Speaker
Description
The surge in data volumes from large scientific collaborations, like the Large Hadron Collider (LHC), poses challenges and opportunities for High Energy Physics (HEP). With annual data projected to grow thirty-fold by 2028, efficient data management is paramount. The HEP community heavily relies on wide-area networks for global data distribution, often resulting in redundant long-distance transfers. This work studies how regional data caches [1] mitigate network congestion and enhance application performance, using millions of access records from regional caches in Southern California, Chicago, and Boston, serving the LHC’s CMS experiment [2]. Our analysis demonstrates the potential of in-network caching to revolutionize large-scale scientific data dissemination.
We analyzed the cache utilization trends, see examples in Figure 1, and identified distinct patterns from the three deployments. Our exploration further employed machine learning models for predicting data access patterns within regional data caches. These findings offer insights crucial for resource usage estimation, including storage cache and network requirements, and can inform improvements in application workflow performance within regional data cache systems. Figure 2 shows the sample prediction result of the hourly cache utilization for SoCal Cache. While the predictions capture volume spikes, they may not precisely match the heights.
Fig. 1(a). SoCal Cache (capacity 2PB) from June 2020 to Dec. 2023, with 29.48 million data access requests where 23.8PB were read from this cache (i.e., cache hits) and 11.8PB from remote locations (i.e., cache misses). On average, 66.9% of requested data was served from this cache.

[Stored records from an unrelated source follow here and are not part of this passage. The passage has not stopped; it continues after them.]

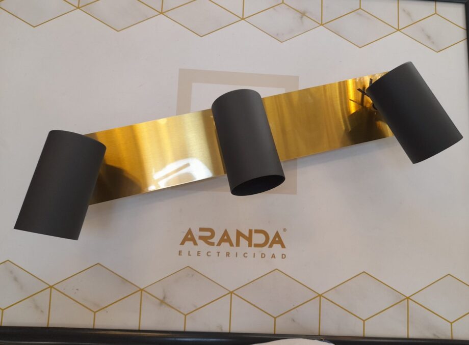 Regleta de 3 focos colección MARLEY, color negro mate con base oro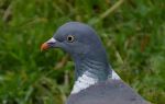 Woodpigeon needing a drink with a little help from a frog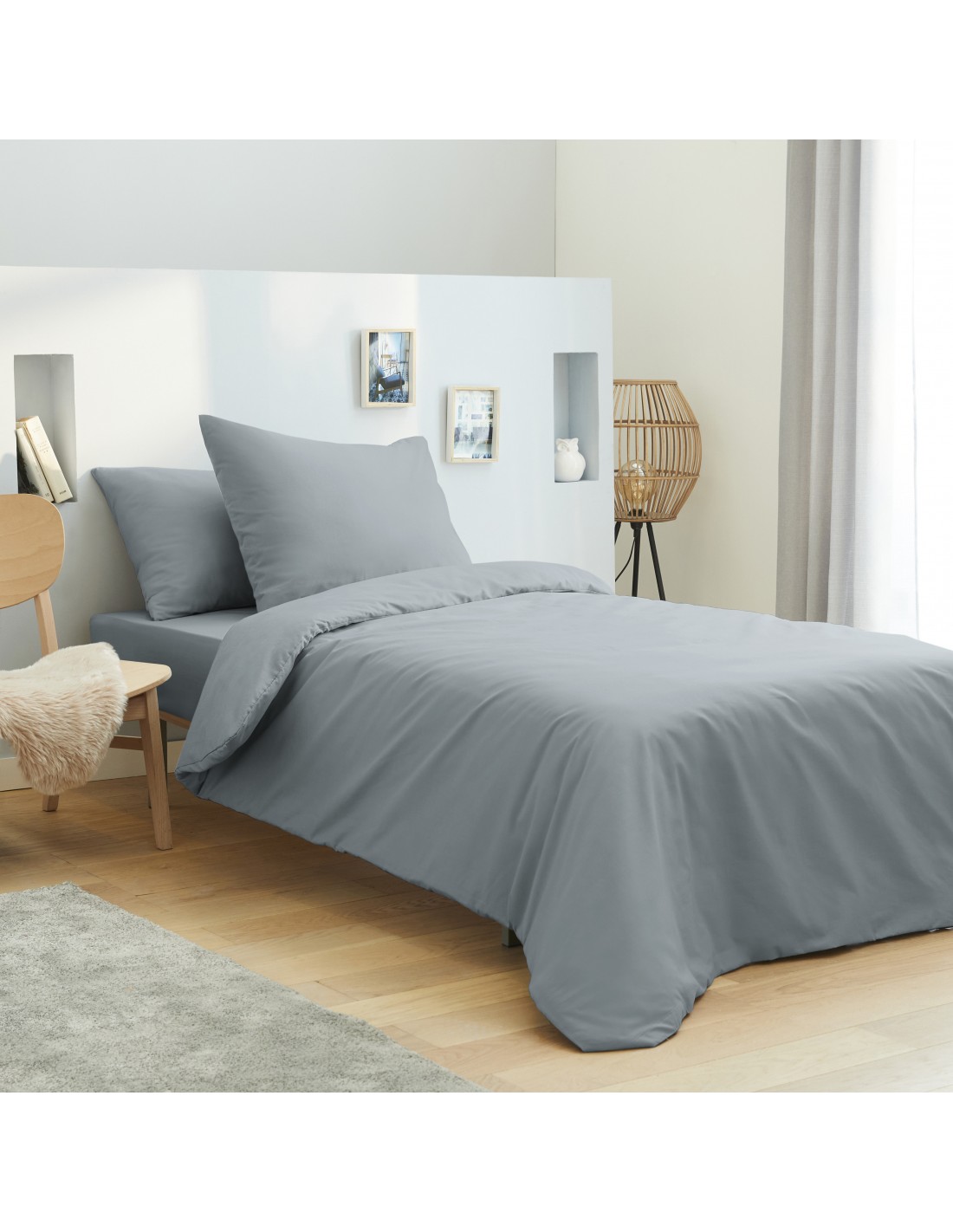 Housse de couette 140 x 200 unie gris clair 100% Coton / 57 Fils/cm²

Fig. 1(b). Chicago Cache (capacity 340TB) from Oct. 2022 to Dec. 2023, with 5.7 million data access requests where 11.0PB were read from this cache (i.e., hits) and 13.2PB from remote locations (i.e., misses). On average, 45.5% of the requested data was served from this cache.

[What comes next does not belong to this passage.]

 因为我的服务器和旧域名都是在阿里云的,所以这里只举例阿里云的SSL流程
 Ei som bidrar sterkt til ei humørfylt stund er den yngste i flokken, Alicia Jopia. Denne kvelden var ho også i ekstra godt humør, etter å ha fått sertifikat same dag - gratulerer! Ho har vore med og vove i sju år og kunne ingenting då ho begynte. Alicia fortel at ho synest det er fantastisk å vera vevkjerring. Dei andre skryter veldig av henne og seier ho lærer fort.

Fig. 1(c). Boston Cache (capacity 170TB) from Aug. 2023 to Dec. 2023, with 27.7 million data access requests where 5.0PB were read from this cache (i.e., hits) and 76.0PB from remote locations (i.e., misses). On average, 6.1% of the requested data was served from this cache.
Fig. 1. Fraction (by data volume) of cache hits (blue) and cache misses (orange) every day for three different in-network cache installations
Fig. 2. Hourly cache hit volume from SoCal Cache, showing actual measurements (blue bars), training predictions (orange bars), and testing predictions (red bars).
In this study, we present a detailed analysis of cache utilization trends across the SoCal, Chicago, and Boston regional caches serving the LHC CMS experiment. Our investigation reveals distinct patterns in cache usage unique to each region, highlighting the need for tailored approaches in cache design. Our exploration of neural network models were demonstrated to provide accurate predictions of cache usage trends, these models could be used anticipate future needs for storage and network resources. By understanding and leveraging these insights, we could significantly enhance the efficiency of resource allocation and optimize application workflow performance.
REFERENCES
[1] E. Fajardo, D. Weitzel, M. Rynge, M. Zvada, J. Hicks, M. Selmeci, B. Lin, P. Paschos, B. Bockelman, A. Hanushevsky, F. W¨urthwein, and I. Sfiligoi, "Creating a content delivery network for general science on the internet backbone using XCaches," EPJ Web of Conferences, vol. 245, p. 04041, 2020. [Online]. Available: https://doi.org/10.1051/epjconf/202024504041
[2] C. Sim, K. Wu, A. Sim, I. Monga, C. Guok, D. Hazen, F. Wurthwein, D. Davila, H. Newman, and J. Balcas, "Predicting resource utilization trends with southern california petabyte scale cache," in 26th International Conference on Computing in High Energy & Nuclear Physics (CHEP2023), 2023.